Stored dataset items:
___
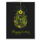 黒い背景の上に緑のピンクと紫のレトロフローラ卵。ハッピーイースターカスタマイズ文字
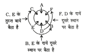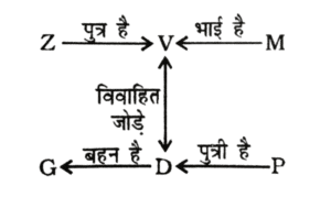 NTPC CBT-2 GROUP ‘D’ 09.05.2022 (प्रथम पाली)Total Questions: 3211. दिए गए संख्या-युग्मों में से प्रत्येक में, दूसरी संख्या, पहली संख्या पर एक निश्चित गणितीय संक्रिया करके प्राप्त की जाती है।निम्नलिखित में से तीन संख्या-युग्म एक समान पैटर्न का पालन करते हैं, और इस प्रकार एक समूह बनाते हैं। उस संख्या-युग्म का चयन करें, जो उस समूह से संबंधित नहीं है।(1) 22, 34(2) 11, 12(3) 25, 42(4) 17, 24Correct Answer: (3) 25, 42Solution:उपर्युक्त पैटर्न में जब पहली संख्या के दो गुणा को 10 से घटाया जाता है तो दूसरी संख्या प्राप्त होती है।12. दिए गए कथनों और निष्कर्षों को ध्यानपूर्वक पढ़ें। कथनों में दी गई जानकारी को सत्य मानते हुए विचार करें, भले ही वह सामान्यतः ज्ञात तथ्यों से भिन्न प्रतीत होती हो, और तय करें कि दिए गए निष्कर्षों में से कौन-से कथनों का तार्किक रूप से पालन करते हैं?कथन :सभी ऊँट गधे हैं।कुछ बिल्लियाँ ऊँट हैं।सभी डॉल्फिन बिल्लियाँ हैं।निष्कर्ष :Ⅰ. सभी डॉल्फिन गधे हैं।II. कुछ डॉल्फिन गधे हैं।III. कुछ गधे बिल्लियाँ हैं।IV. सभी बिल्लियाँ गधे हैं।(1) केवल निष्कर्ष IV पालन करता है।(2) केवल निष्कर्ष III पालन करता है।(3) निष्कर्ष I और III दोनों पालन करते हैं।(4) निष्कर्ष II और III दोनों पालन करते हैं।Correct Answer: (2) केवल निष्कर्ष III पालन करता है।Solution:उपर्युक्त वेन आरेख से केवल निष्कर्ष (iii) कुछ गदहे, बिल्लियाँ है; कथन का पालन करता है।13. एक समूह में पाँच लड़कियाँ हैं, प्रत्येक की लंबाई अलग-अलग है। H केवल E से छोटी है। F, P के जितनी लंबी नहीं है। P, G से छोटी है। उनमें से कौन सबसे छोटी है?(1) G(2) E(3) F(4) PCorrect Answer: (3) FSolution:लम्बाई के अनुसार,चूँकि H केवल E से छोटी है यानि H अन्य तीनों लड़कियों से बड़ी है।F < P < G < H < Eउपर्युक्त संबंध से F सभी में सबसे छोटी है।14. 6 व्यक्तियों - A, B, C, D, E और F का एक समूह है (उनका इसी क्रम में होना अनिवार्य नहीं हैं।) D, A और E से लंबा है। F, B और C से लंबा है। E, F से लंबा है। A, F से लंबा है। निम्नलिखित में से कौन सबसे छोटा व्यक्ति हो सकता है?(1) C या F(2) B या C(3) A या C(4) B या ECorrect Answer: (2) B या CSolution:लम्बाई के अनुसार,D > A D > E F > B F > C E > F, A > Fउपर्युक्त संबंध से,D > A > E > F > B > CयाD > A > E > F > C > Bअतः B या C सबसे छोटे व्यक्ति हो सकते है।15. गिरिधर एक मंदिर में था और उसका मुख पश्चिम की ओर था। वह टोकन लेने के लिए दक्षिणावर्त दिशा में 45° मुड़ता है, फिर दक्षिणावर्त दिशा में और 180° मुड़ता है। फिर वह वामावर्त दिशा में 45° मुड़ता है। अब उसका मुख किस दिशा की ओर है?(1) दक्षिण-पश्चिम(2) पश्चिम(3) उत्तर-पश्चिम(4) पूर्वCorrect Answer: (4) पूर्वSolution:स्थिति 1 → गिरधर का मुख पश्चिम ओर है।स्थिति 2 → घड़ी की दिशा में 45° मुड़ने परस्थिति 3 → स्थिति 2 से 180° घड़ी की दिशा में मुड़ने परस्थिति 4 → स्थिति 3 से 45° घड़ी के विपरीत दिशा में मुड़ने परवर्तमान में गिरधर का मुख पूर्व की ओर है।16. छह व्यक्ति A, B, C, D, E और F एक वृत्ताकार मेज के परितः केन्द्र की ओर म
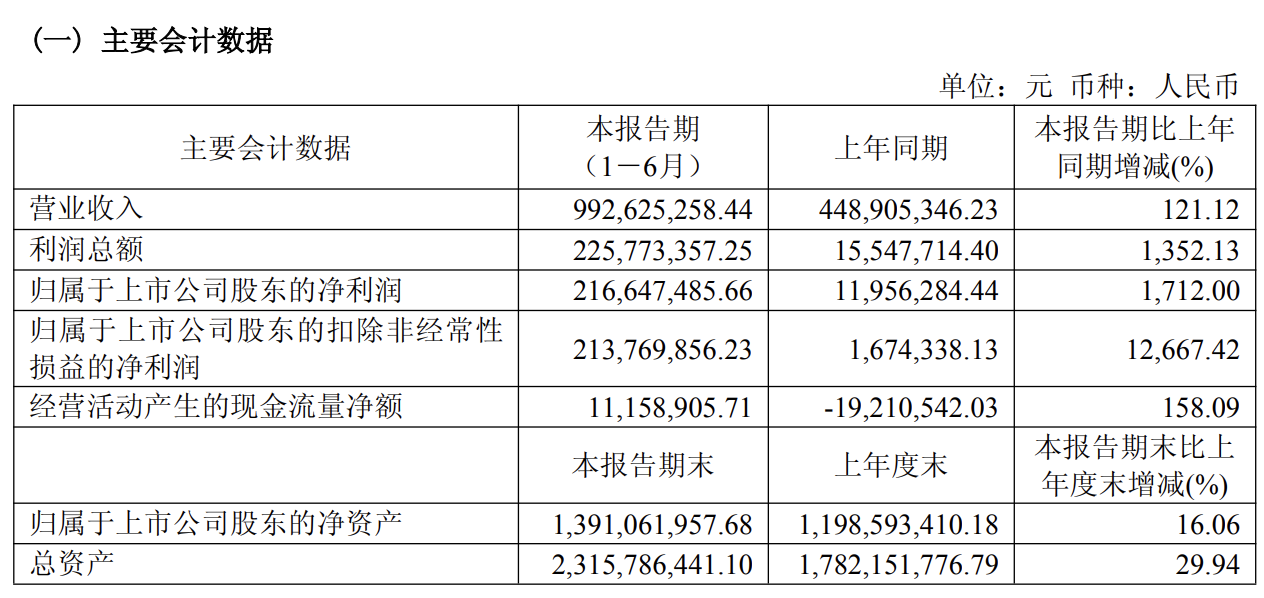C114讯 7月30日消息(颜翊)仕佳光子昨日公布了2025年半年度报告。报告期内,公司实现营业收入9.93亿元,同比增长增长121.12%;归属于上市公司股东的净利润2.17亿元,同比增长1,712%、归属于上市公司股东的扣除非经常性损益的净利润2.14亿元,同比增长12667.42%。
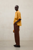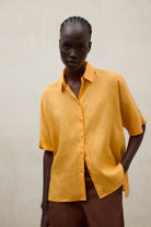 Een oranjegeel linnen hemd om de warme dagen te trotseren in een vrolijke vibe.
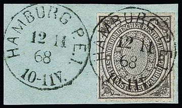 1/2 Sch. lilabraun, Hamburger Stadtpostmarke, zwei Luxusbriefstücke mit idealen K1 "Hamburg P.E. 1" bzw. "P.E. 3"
___
Give the entries back verbatim and omit the images.

 黒い背景の上に緑のピンクと紫のレトロフローラ卵。ハッピーイースターカスタマイズ文字
 NTPC CBT-2 GROUP ‘D’ 09.05.2022 (प्रथम पाली)Total Questions: 3211. दिए गए संख्या-युग्मों में से प्रत्येक में, दूसरी संख्या, पहली संख्या पर एक निश्चित गणितीय संक्रिया करके प्राप्त की जाती है।निम्नलिखित में से तीन संख्या-युग्म एक समान पैटर्न का पालन करते हैं, और इस प्रकार एक समूह बनाते हैं। उस संख्या-युग्म का चयन करें, जो उस समूह से संबंधित नहीं है।(1) 22, 34(2) 11, 12(3) 25, 42(4) 17, 24Correct Answer: (3) 25, 42Solution:उपर्युक्त पैटर्न में जब पहली संख्या के दो गुणा को 10 से घटाया जाता है तो दूसरी संख्या प्राप्त होती है।12. दिए गए कथनों और निष्कर्षों को ध्यानपूर्वक पढ़ें। कथनों में दी गई जानकारी को सत्य मानते हुए विचार करें, भले ही वह सामान्यतः ज्ञात तथ्यों से भिन्न प्रतीत होती हो, और तय करें कि दिए गए निष्कर्षों में से कौन-से कथनों का तार्किक रूप से पालन करते हैं?कथन :सभी ऊँट गधे हैं।कुछ बिल्लियाँ ऊँट हैं।सभी डॉल्फिन बिल्लियाँ हैं।निष्कर्ष :Ⅰ. सभी डॉल्फिन गधे हैं।II. कुछ डॉल्फिन गधे हैं।III. कुछ गधे बिल्लियाँ हैं।IV. सभी बिल्लियाँ गधे हैं।(1) केवल निष्कर्ष IV पालन करता है।(2) केवल निष्कर्ष III पालन करता है।(3) निष्कर्ष I और III दोनों पालन करते हैं।(4) निष्कर्ष II और III दोनों पालन करते हैं।Correct Answer: (2) केवल निष्कर्ष III पालन करता है।Solution:उपर्युक्त वेन आरेख से केवल निष्कर्ष (iii) कुछ गदहे, बिल्लियाँ है; कथन का पालन करता है।13. एक समूह में पाँच लड़कियाँ हैं, प्रत्येक की लंबाई अलग-अलग है। H केवल E से छोटी है। F, P के जितनी लंबी नहीं है। P, G से छोटी है। उनमें से कौन सबसे छोटी है?(1) G(2) E(3) F(4) PCorrect Answer: (3) FSolution:लम्बाई के अनुसार,चूँकि H केवल E से छोटी है यानि H अन्य तीनों लड़कियों से बड़ी है।F < P < G < H < Eउपर्युक्त संबंध से F सभी में सबसे छोटी है।14. 6 व्यक्तियों - A, B, C, D, E और F का एक समूह है (उनका इसी क्रम में होना अनिवार्य नहीं हैं।) D, A और E से लंबा है। F, B और C से लंबा है। E, F से लंबा है। A, F से लंबा है। निम्नलिखित में से कौन सबसे छोटा व्यक्ति हो सकता है?(1) C या F(2) B या C(3) A या C(4) B या ECorrect Answer: (2) B या CSolution:लम्बाई के अनुसार,D > A D > E F > B F > C E > F, A > Fउपर्युक्त संबंध से,D > A > E > F > B > CयाD > A > E > F > C > Bअतः B या C सबसे छोटे व्यक्ति हो सकते है।15. गिरिधर एक मंदिर में था और उसका मुख पश्चिम की ओर था। वह टोकन लेने के लिए दक्षिणावर्त दिशा में 45° मुड़ता है, फिर दक्षिणावर्त दिशा में और 180° मुड़ता है। फिर वह वामावर्त दिशा में 45° मुड़ता है। अब उसका मुख किस दिशा की ओर है?(1) दक्षिण-पश्चिम(2) पश्चिम(3) उत्तर-पश्चिम(4) पूर्वCorrect Answer: (4) पूर्वSolution:स्थिति 1 → गिरधर का मुख पश्चिम ओर है।स्थिति 2 → घड़ी की दिशा में 45° मुड़ने परस्थिति 3 → स्थिति 2 से 180° घड़ी की दिशा में मुड़ने परस्थिति 4 → स्थिति 3 से 45° घड़ी के विपरीत दिशा में मुड़ने परवर्तमान में गिरधर का मुख पूर्व की ओर है।16. छह व्यक्ति A, B, C, D, E और F एक वृत्ताकार मेज के परितः केन्द्र की ओर म
C114讯 7月30日消息(颜翊)仕佳光子昨日公布了2025年半年度报告。报告期内,公司实现营业收入9.93亿元,同比增长增长121.12%;归属于上市公司股东的净利润2.17亿元,同比增长1,712%、归属于上市公司股东的扣除非经常性损益的净利润2.14亿元,同比增长12667.42%。
 Een oranjegeel linnen hemd om de warme dagen te trotseren in een vrolijke vibe.
 1/2 Sch. lilabraun, Hamburger Stadtpostmarke, zwei Luxusbriefstücke mit idealen K1 "Hamburg P.E. 1" bzw. "P.E. 3"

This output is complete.